» **The task**
Copy out exactly the lines below that run from the one holding "Malachite Sterling Silver" to the one holding "To update the", keeping both of those lines and no others.
====== Information supplied
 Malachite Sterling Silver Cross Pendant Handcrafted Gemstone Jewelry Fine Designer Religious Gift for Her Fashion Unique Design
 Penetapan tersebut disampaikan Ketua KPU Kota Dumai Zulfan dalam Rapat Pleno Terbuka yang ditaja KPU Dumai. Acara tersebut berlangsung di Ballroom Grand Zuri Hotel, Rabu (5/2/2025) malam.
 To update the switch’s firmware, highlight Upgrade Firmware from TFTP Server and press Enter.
============
====== Information supplied
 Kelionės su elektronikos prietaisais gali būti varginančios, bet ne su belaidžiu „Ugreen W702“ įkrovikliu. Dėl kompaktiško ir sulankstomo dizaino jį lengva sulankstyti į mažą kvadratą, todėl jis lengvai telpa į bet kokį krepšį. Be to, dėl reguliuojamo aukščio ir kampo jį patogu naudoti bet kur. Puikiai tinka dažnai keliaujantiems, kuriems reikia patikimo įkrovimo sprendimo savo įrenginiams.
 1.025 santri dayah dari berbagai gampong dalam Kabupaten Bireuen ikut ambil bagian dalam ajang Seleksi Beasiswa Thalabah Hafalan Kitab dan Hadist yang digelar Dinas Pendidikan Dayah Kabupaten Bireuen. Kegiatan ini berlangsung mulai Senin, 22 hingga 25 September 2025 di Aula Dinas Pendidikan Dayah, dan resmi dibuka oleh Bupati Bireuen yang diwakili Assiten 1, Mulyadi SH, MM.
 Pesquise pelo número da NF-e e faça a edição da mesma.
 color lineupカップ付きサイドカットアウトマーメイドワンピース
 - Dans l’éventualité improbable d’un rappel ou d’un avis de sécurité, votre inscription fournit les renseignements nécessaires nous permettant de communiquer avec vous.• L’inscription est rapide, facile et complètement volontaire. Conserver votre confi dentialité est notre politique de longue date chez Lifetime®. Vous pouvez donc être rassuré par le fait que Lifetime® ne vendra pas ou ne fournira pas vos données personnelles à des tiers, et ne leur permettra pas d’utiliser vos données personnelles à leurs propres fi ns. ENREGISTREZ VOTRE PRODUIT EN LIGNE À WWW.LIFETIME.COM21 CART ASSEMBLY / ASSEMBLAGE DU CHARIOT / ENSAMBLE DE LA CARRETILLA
============
====== Information supplied
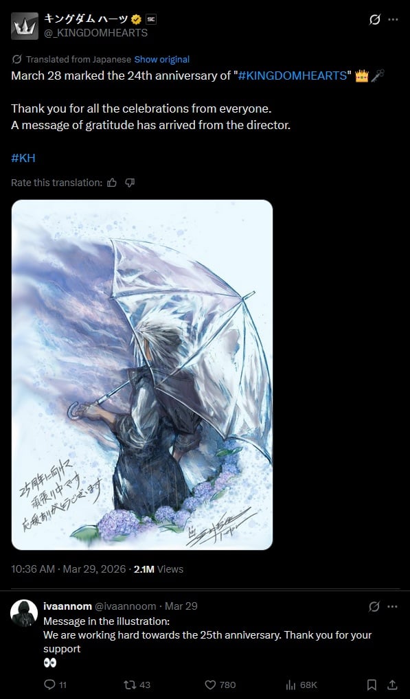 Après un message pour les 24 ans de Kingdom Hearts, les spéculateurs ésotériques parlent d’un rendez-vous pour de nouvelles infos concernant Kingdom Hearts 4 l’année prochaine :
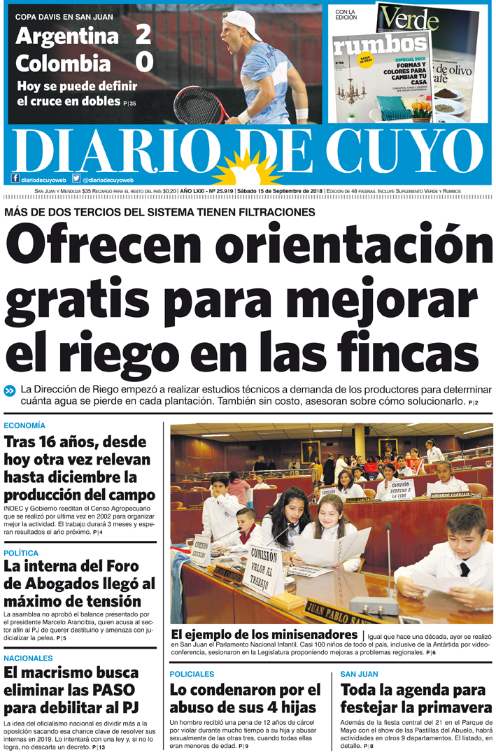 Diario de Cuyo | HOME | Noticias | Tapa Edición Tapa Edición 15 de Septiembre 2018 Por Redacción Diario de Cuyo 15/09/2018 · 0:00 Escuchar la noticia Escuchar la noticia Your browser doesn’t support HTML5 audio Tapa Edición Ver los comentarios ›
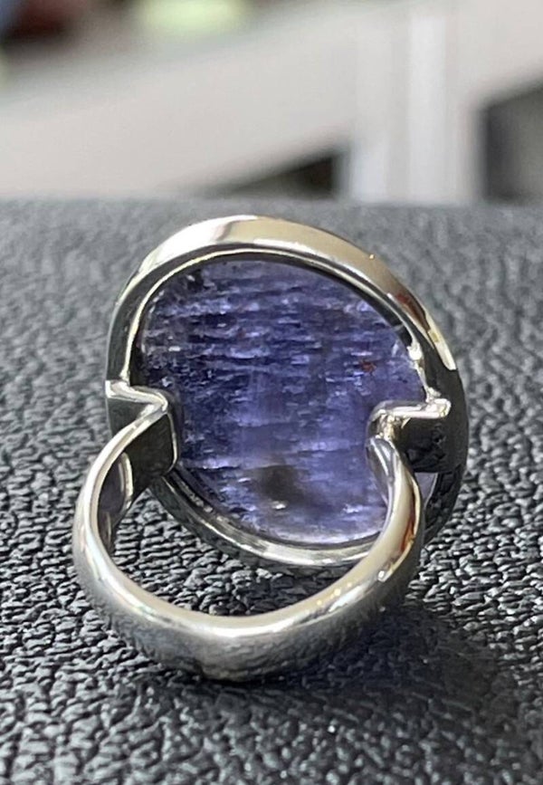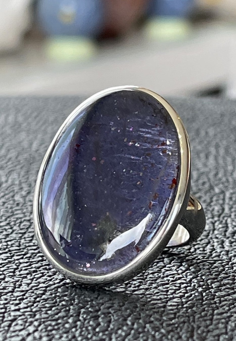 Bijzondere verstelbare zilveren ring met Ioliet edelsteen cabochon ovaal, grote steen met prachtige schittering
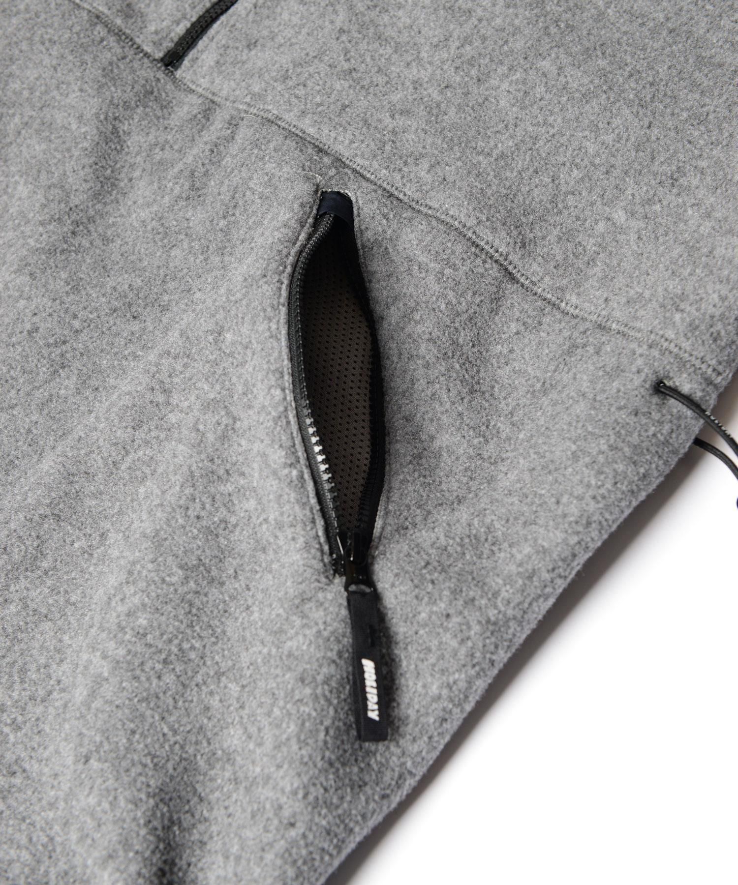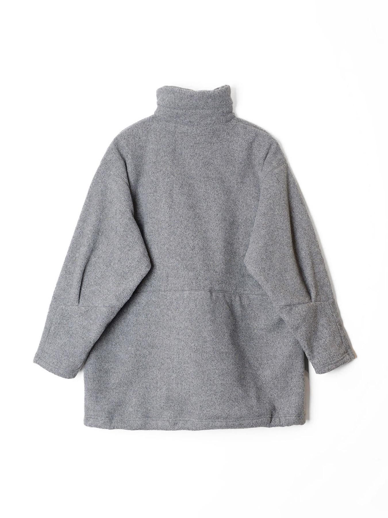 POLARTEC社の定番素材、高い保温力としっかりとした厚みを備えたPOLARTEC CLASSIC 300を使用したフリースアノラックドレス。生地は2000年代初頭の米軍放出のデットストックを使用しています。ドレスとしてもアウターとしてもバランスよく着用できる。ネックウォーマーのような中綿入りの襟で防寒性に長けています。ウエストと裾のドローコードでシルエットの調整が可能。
============
» **Task solution**
 Malachite Sterling Silver Cross Pendant Handcrafted Gemstone Jewelry Fine Designer Religious Gift for Her Fashion Unique Design
 Penetapan tersebut disampaikan Ketua KPU Kota Dumai Zulfan dalam Rapat Pleno Terbuka yang ditaja KPU Dumai. Acara tersebut berlangsung di Ballroom Grand Zuri Hotel, Rabu (5/2/2025) malam.
 To update the switch’s firmware, highlight Upgrade Firmware from TFTP Server and press Enter.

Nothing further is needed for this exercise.